Rio de Janeiro, Brazil
Oro brings two Michelin stars to Leblon's dining strip, where Felipe Bronze works a contemporary register that draws on Italian technique and Brazilian ingredients in equal measure. Consistently ranked among South America's top restaurants by Opinionated About Dining and La Liste, it operates Tuesday through Saturday on Av. Gen. San Martin — a short walk from the beach, a longer commitment at the table.
Find out on Pearl and keep score across every place in 2023 OAD Top Restaurants in South America Ranked.
Overview
The 2023 OAD South America rankings cover 44 restaurants across 10 countries and 17 cities. Peru claims the top spot with Mil Centro in Moray, while Lima dominates with four venues in the top 10. Argentina's Don Julio takes third, and Chile's Boragó lands fourth. The list represents dining across the continent from La Paz to Rio de Janeiro.
This edition spans 17 cities across South America, with Peru securing three of the top five positions—Mil Centro at #1, Kjolle at #5, and two additional Lima restaurants in the top 10. Argentina, Chile, Brazil, and Bolivia all place venues in the upper ranks. Don Julio represents Buenos Aires at #3, Santiago's Boragó takes #4, and La Paz's Gustu claims #6. Brazil appears twice in the top 10 with São Paulo's D.O.M. at #7 and Rio's Lasai at #8. The concentration of Lima restaurants in elite positions—four in the top 10—shows the city's density of recognized dining. The 10-country spread demonstrates OAD's reach across the continent.
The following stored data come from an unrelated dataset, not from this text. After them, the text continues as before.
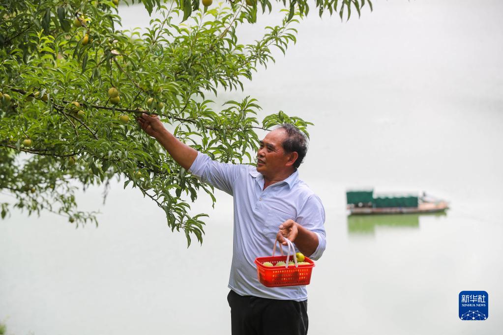 6月24日,夏國剛在貴州省開陽縣龍水鄉龍溪村烏江河畔的果園里采摘蜂糖李。
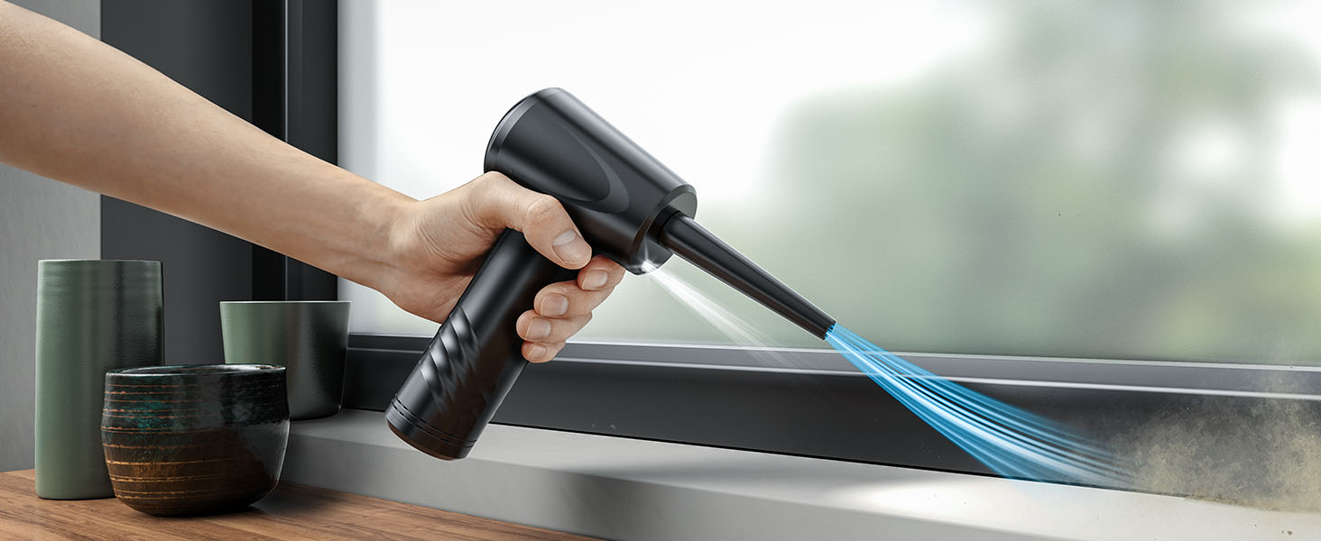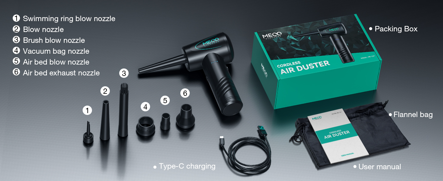 MECO -pölypuhallin hyödyntää kellomaisen ilmanohjauksen, joka kasvattaa puhallustehoa 22% verrattuna tavanomaisiin vaihtoehtoihin. Jopa 100,000 RPM -nopeuteen yltävä ilmavirta auttaa syväpuhdistuksessa.
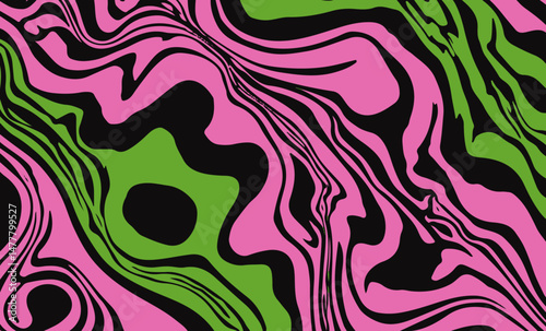Obraz premium Vector illustration features an abstract pattern with flowing, wavy shapes in neon pink, green, and black. The bold, modern design adds a dynamic and playful touch to backgrounds or creative projects.

The 2023 OAD South America list puts Mil Centro on top, a restaurant in Moray, Peru that claims the #1 position. Don Julio in Buenos Aires takes third, while Santiago's Boragó and Lima's Kjolle round out the top five. Lima places four restaurants in the top 10—more than any other city—with Kjolle, La Picanteria, and Mérito joining the upper ranks. Brazil contributes two of the elite 10 with D.O.M. in São Paulo and Lasai in Rio de Janeiro. The 44 restaurants span 10 countries, from Bolivia to Brazil, representing the breadth of South American dining across 17 cities.
This 44-restaurant edition demonstrates Peru's command of the upper rankings, with Mil Centro leading from Moray and Lima contributing multiple top-10 placements. The list balances major dining capitals—Buenos Aires, Santiago, Lima, São Paulo—with less expected locations like La Paz, where Gustu ranks sixth. Don Julio's third-place finish marks Argentina's highest-ranked entry, while Chile's Boragó at fourth represents Santiago. Brazil's dual representation in the top 10 comes from both São Paulo and Rio de Janeiro, the country's two largest cities.
The 17-city spread shows geographic diversity, though Lima's concentration of four top-10 venues reveals where OAD voters focus their attention. The 10-country reach extends across the continent, capturing restaurants from established fine-dining markets and emerging scenes. The rankings mix coastal cities with high-altitude destinations, reflecting South America's varied dining landscape from sea level to the Andes.